Question

The slope of the straight line joining the centre of the circle \( x^2 + y^2 - 8x + 2y = 0 \) and the vertex of the parabola \( y = x^2 - 4x + 10 \) is:

• A. \( \frac{-5}{2} \)
• B. \( \frac{-7}{2} \)
• C. \( \frac{-3}{2} \)
• D. \( \frac{5}{2} \)
• E. \( \frac{7}{2} \)

Hint:

To find the vertex of \( y = f(x) \) quickly, set \( f'(x) = 0 \). Here, \( y' = 2x - 4 = 0 \Rightarrow x = 2 \).

Answer 1

Answer: (E)

Concept: The center of a circle \( x^2 + y^2 + 2gx + 2fy + c = 0 \) is \( (-g, -f) \). The vertex of a parabola \( y = ax^2 + bx + c \) occurs at \( x = -b/(2a) \). The slope \( m \) between two points \( (x_1, y_1) \) and \( (x_2, y_2) \) is: \[ m = \frac{y_2 - y_1}{x_2 - x_1} \]

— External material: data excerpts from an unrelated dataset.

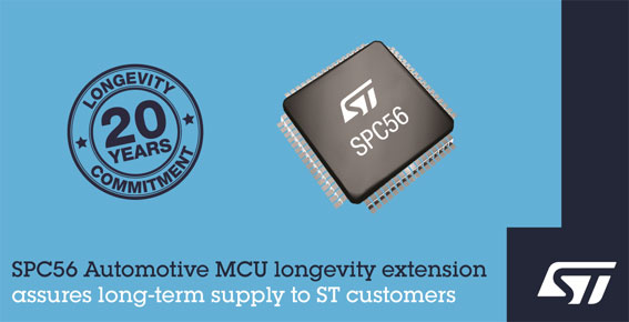ST宣佈延長在全球汽車動力總成、底盤和車身應用中部署量達數百萬的SPC56車規微控制器(MCU)的長期供貨承諾。
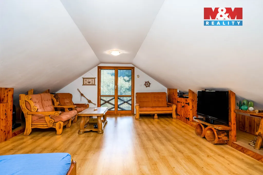 Představuji Vám krásnou chatu v obci Třebenice přímo pod Slapskou přehradou. V přízemí se nachází společenská místnost s kuchyňským koutem a dominantním krbem, který vytápí zároveň první patro, dále je zde koupelna se sprchovým koutem, toaleta a pokoj s výhledem na terasu. V prvním patře je pak velká ložnice s nádherným výhledem do zahrady a klidné zátoky. Nemovitost stojí na vlastním pozemku a okolní rovinatá zahrada o rozloze 220m2 je v nájmu od povodí Vltavy za 6500,-Kč na rok na dobu neurčitou. Přímo u chaty je bezpečná garáž a další dva vozy zaparkujete pohodlně na pozemku. Hledáte místo, kde si odpočinete od každodenních starostí a načerpáte sílu na nový pracovní týden? Jste vášniví rybáři, či houbaři? Pak je toto klidné víkendové místečko právě pro Vás. Rádi Vám též pomůžeme s vyřízením úvěru.
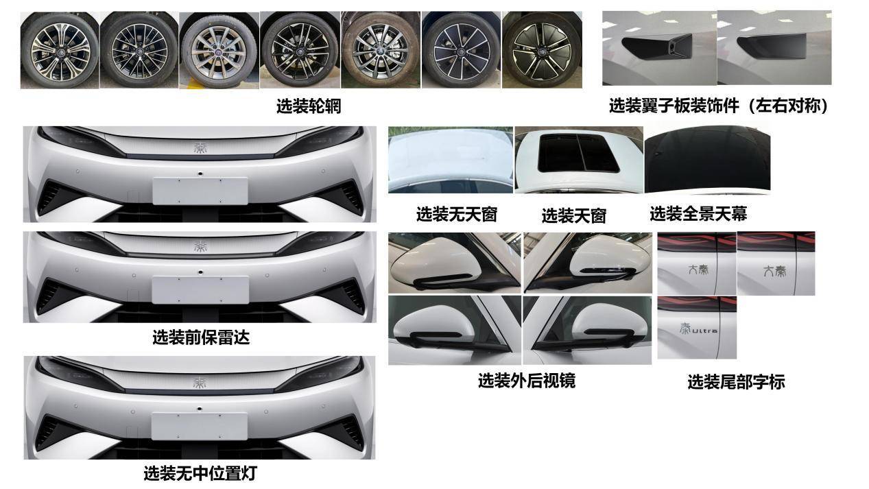 此外,新车的车身长宽高分别为4866/1880/1495mm,轴距为2820mm,相比秦L更长了一些。同时新车提供多款轮毂造型可选,且尾标提供有“大秦”和“秦Ultra”可选。

Step 1: Find the centre of the circle.
Equation: \( x^2 + y^2 - 8x + 2y = 0 \) By comparison: \( 2g = -8 \Rightarrow g = -4 \) and \( 2f = 2 \Rightarrow f = 1 \). Centre \( C = (-g, -f) = (4, -1) \).

Step 2: Find the vertex of the parabola.
Equation: \( y = x^2 - 4x + 10 \) The x-coordinate of the vertex is \( x = \frac{-(-4)}{2(1)} = 2 \). Substitute \( x = 2 \) into the equation to find \( y \): \[ y = (2)^2 - 4(2) + 10 = 4 - 8 + 10 = 6 \] Vertex \( V = (2, 6) \).

Step 3: Calculate the slope between (4, -1) and (2, 6).
\[ m = \frac{6 - (-1)}{2 - 4} = \frac{7}{-2} = -\frac{7}{2} \]